What to work on —
Your answer should hold exactly the lines beginning with the one that contains "Serdecznie dziękujemy za" and ending with the last line of the material, both included. Leave every picture out.

[Record extracts — start]

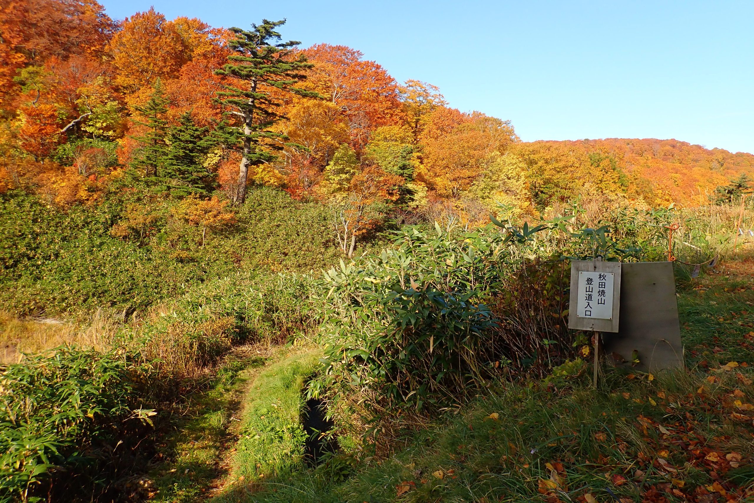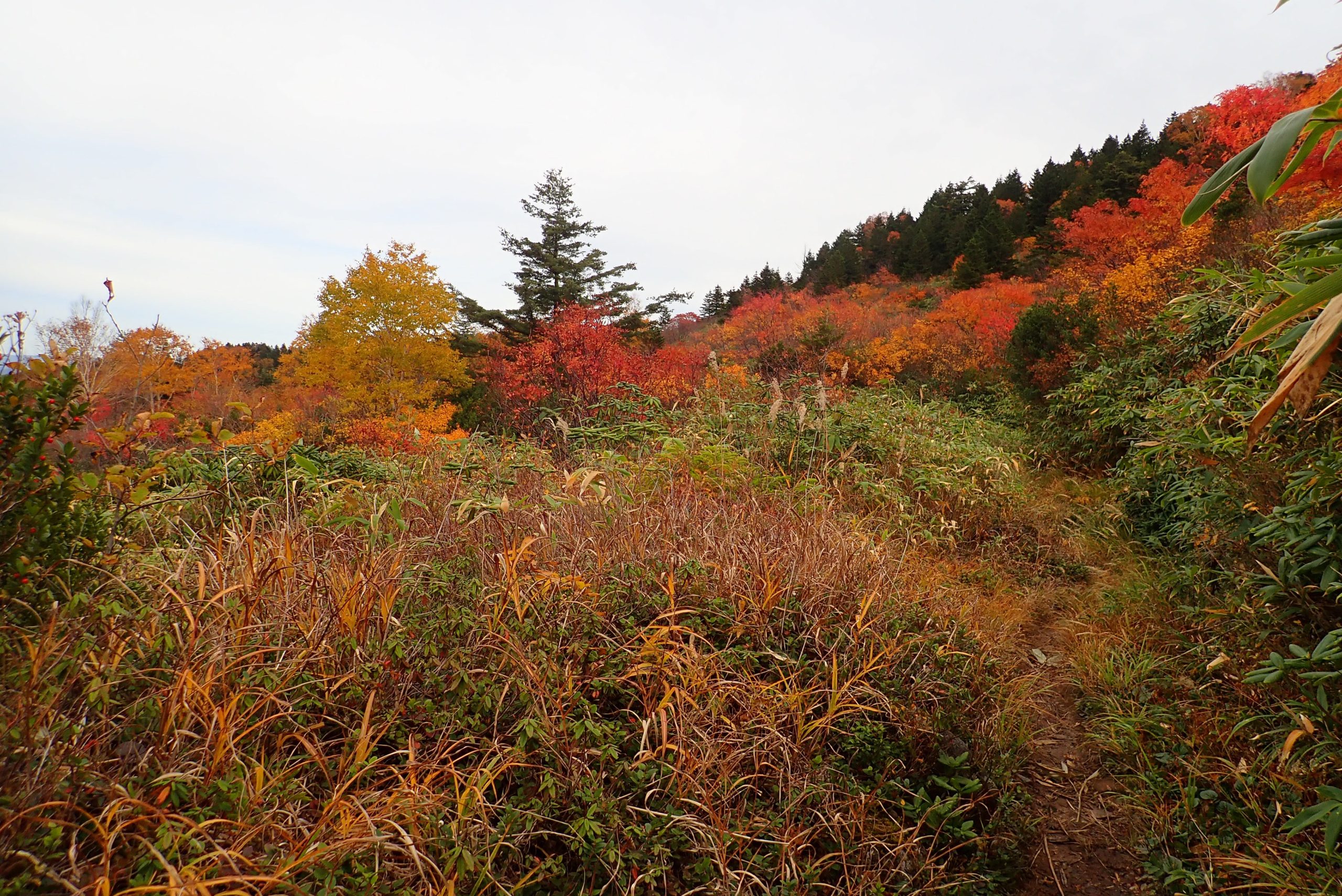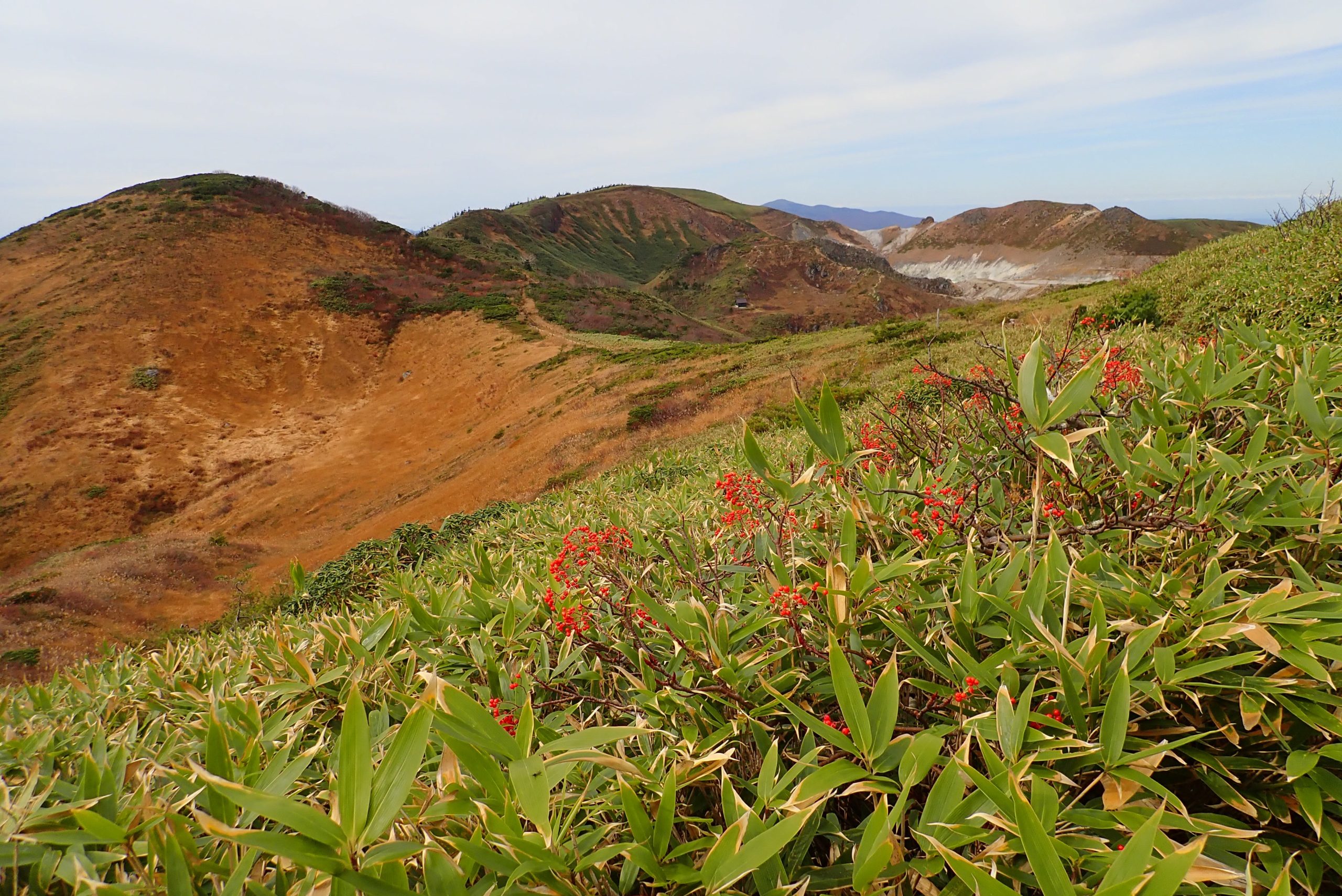 草紅葉と火山の火口、そして笹原。奥に見えるのは昨日の森吉山。
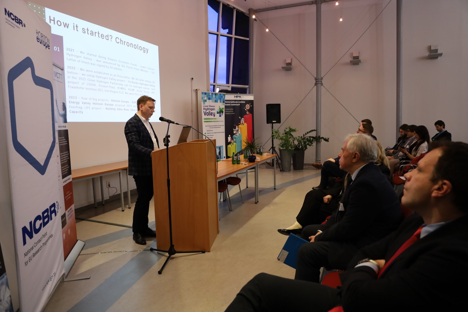 Serdecznie dziękujemy za liczny udział w Krajowym Dniu Informacyjnym poświęconym konkursom w obszarze technologii wodorowych, który odbył się w gościnnych murach Wrocławskiego Centrum Transferu Technologii Politechniki Wrocławskiej. Wydarzenie zostało zorganizowane przez Narodowe Centrum Badań i Rozwoju we współpracy z Horyzontalnym Punktem Kontaktowym Polska Południowo-Zachodnia oraz Stowarzyszeniem Dolnośląska Dolina Wodorowa, zgromadziło blisko 140 uczestników.
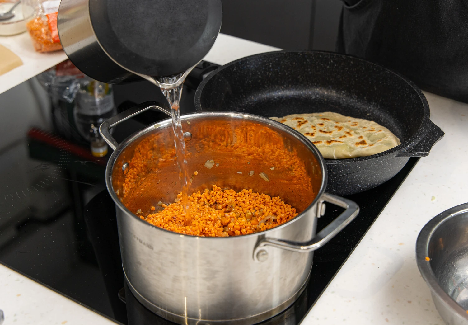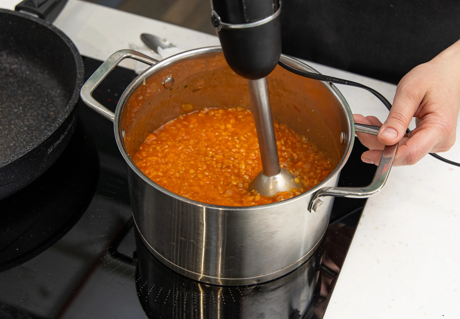Влейте горячую воду или овощной бульон, перемешайте. Увеличьте нагрев плиты и доведите суп до кипения. Убавьте огонь до слабого и варите суп ориентировочно 20–25 минут до полной мягкости овощей и чечевицы.
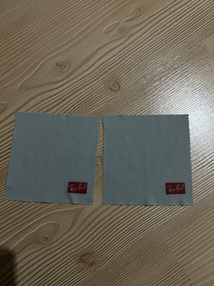 Ray-Ban logosu bulunan, gri renkli, baskılı gözlük bezi
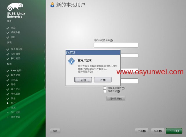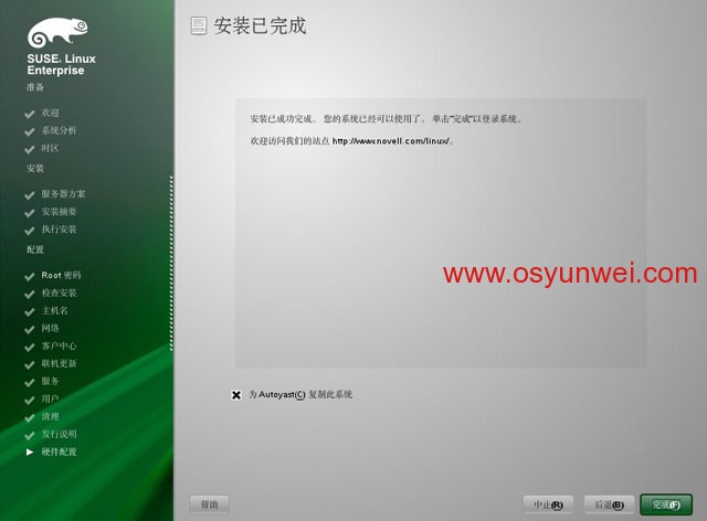 取消選擇:為Autoyast復制此系統,點完成

[Record extracts — finish]

Answer to this problem —
 Serdecznie dziękujemy za liczny udział w Krajowym Dniu Informacyjnym poświęconym konkursom w obszarze technologii wodorowych, który odbył się w gościnnych murach Wrocławskiego Centrum Transferu Technologii Politechniki Wrocławskiej. Wydarzenie zostało zorganizowane przez Narodowe Centrum Badań i Rozwoju we współpracy z Horyzontalnym Punktem Kontaktowym Polska Południowo-Zachodnia oraz Stowarzyszeniem Dolnośląska Dolina Wodorowa, zgromadziło blisko 140 uczestników.
Влейте горячую воду или овощной бульон, перемешайте. Увеличьте нагрев плиты и доведите суп до кипения. Убавьте огонь до слабого и варите суп ориентировочно 20–25 минут до полной мягкости овощей и чечевицы.
 Ray-Ban logosu bulunan, gri renkli, baskılı gözlük bezi
 取消選擇:為Autoyast復制此系統,點完成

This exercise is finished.